Pietrangelo, in ensuing action behind the Vegas net, caught Pastrnak in the kisser. Nothing doing from the refs.
Delayed reaction from the TDG crowd upon realizing that Geekie tipped home Pastrnak’s wrist shot from the left circle with 3:28 remaining the second period. 4-2 Boston when an answer was needed.
A Michael Ryder-like move by the right-shooting Pastrnak out from the LW corner and into that circle, his stick inside and the puck flung through Geekie’s screen – Geekie, cutting across, got a piece of it.
And, just like that, Amadio brings Vegas back to within one (4-3) with a neat conversion of a centering feed with 2:14 left in the period.
Shots are 22-22. That’s how good of a period the Golden Knights have had.
Final minute of the period was a doozy.
Parker Wotherspoon had open space ahead of the left point and walked in, but Hill blocked away his wrist shot aimed for the top left (near) corner, and Vegas was off to the races on a 3-on-1. Jonathan Marchessault carried down right wing, but Carlo picked off his pass to the middle, and the Bruins escaped further damage.
Shots after two periods: 24-23 Boston.
THIRD PERIOD
Big shift for Vegas, but Kolesar off for crosschecking Wotherspoon to the ice at 3:08. Bruins to the powerplay for the first time tonight. Delay for Swayman (equipment … left skate or pad strap).
The Bruins put on a great puck-possession display but forgo shooting the puck until the balcony starts screaming at the players. Finally, Hill stops a goalmouth feed to Marchand. Now Pastrnak has a bouncing puck in the high slot, this is trouble. Chandler Stephenson takes off with it with help from Roy and beats Swayman over the glove to tie the game 4-4 at the 5:01 mark. Second short-handed goal of the season for Stephenson.
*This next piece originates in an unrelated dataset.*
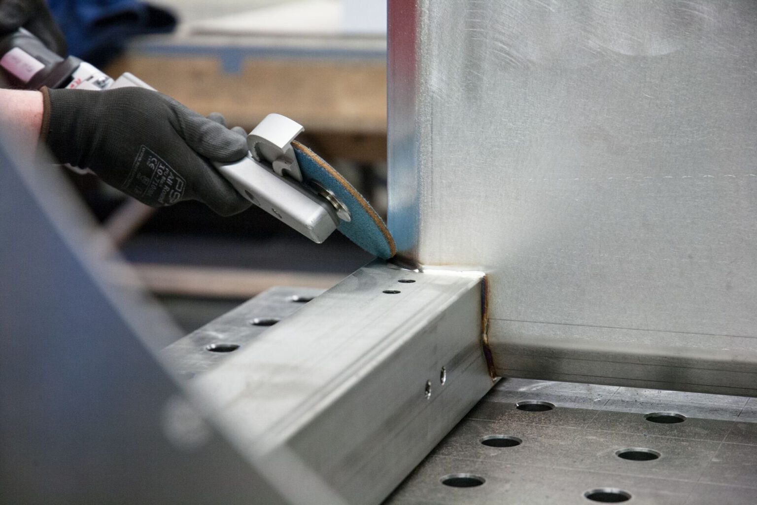 Durch den langen Arm bietet der Finit-Easy guten Zugang und große Bewegungsfreiheit an schwer zugänglichen Stellen und engen Ecken im Geländer- und Behälterbau.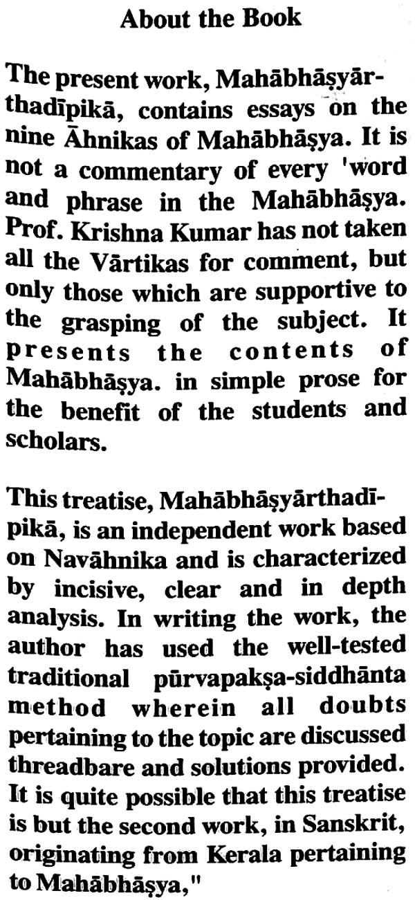 महाभाष्यार्थदीपिका: Mahabhasyartha Dipika (Part I)

This crowd has gone silent.
Vegas pressures the Bruins, but when Boston finally gets back on the attack Lauko frees up the puck with help from Boqvist and Brazeau. McAvoy, who seems to be out there a lot in the third period, takes the relay and finds Boqvist wide open, but he waits as Hill cuts down the angle and a hard shot won’t get through.
Pastrnak complains to the ref about a shove from Cotter as he was on the chase to the end boards. Then Boqvist got dumps outside the Vegas zone, and Sheldon Remphal goes to the box with 6:25 left in regulation.
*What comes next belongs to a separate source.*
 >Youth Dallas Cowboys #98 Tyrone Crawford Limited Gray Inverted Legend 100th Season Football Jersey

Bruins get another powerplay late in a 4-4 game.
Pastrnak fans on the puck at the right point, but the Bruins are regrouping so not a break for Vegas, Hill stops Zacha from the left circle.
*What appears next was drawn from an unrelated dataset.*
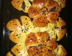 - 3. 将发酵好的面团拿出排气,然后分成8个大小相同小面团,把面团压扁至圆形包入红豆沙搓圆后压扁,用刀划出5个口,涂抹蛋液晒上芝麻

Mason Lohrei finds daylight from the right circle wide of the dot with 12 seconds left on the PIM and 4:37 left in regulation time. 5-4 Boston.
Bad icing call against the Bruins, but they win the draw and will make Vegas go 200 feet.
DeBrusk has his legs over the boards on a change and he almost gets hit by a Vegas pass at the Boston bench (contact would have been too many men on the ice). Instead, it was icing on Vegas. Just missed him.
Here comes Vegas’s big chance, as Matt Grzelcyk is whistled off with 2:59 left in the third period. Bruins lead, 5-4.
Vegas to the powerplay…
Marchand with a short-handed bid, save Hill, but faceoff in the Vegas end. 1:33 left on Grzelcyk’s PIM, 2:31 on the game clock. Bruce Cassidy calls uses his timeout, obviously a big part of it to set a strategy for getting Hill out of the net for a sixth attacker.
Hill to the bench with 1:45 left in the game and 45 seconds on Grzelcyk’s penalty for holding the opponent’s stick.
Big scrum in front, Swayman freezes the puck.
Jim Montgomery uses his timeout with 1:38 left (40 seconds on Grizz).
Coyle wins the draw, Bruins clear. Vegas gets it back, Stephenson, save Swayman. That was it. Grizz is out, so’s the puck.
Vegas cuts off the halfwall plays and gets another shot, but it sizzles wide of the far post.
Faceoff in the Bruins zone with 12.9 seconds. Coyle didn’t win the draw, but he blocked the final shot, and the Bruins finally survive a comeback bid, this one from the defending Stanley Cup champion. Bruins win, 5-4.